▶ [EXERCISE AIM]:
The output should contain the listing word for word and no pictures.

▶ [RAW DATA]:
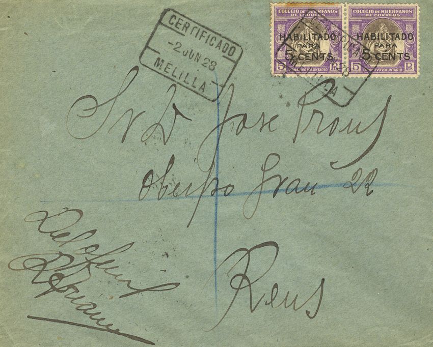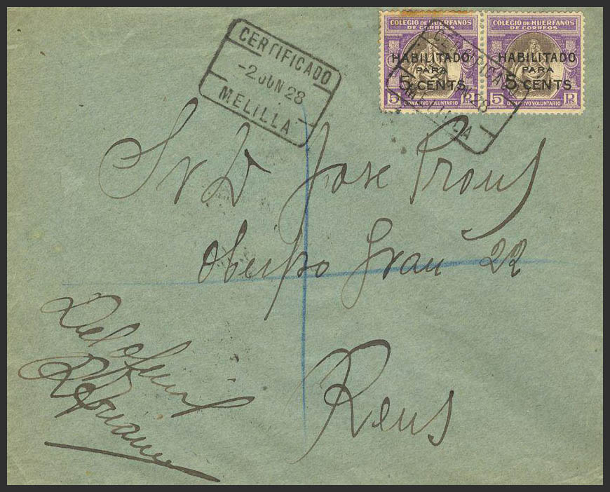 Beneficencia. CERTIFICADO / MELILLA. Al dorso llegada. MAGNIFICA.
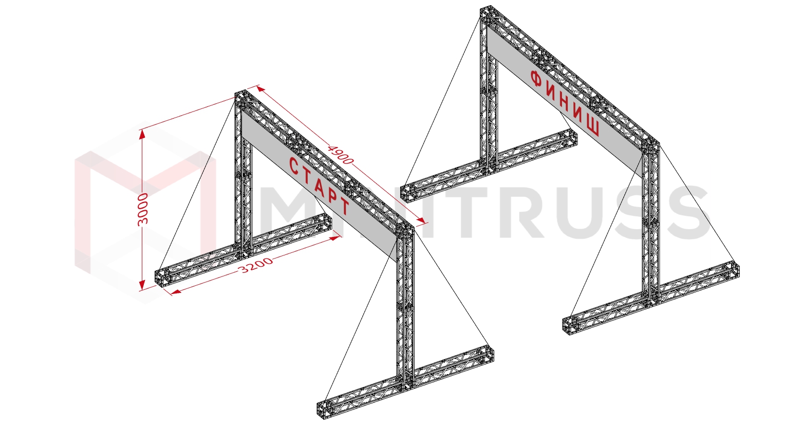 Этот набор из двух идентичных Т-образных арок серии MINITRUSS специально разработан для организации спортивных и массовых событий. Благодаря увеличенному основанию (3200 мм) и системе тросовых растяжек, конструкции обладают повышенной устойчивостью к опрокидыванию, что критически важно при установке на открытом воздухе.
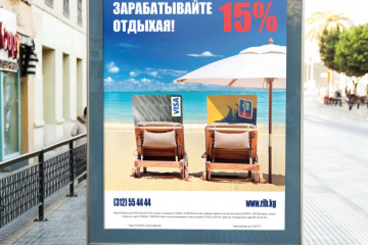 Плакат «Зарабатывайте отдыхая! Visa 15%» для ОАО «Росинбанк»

▶ [RESPONSE FOR THIS EXERCISE]:
 Beneficencia. CERTIFICADO / MELILLA. Al dorso llegada. MAGNIFICA.
 Этот набор из двух идентичных Т-образных арок серии MINITRUSS специально разработан для организации спортивных и массовых событий. Благодаря увеличенному основанию (3200 мм) и системе тросовых растяжек, конструкции обладают повышенной устойчивостью к опрокидыванию, что критически важно при установке на открытом воздухе.
 Плакат «Зарабатывайте отдыхая! Visa 15%» для ОАО «Росинбанк»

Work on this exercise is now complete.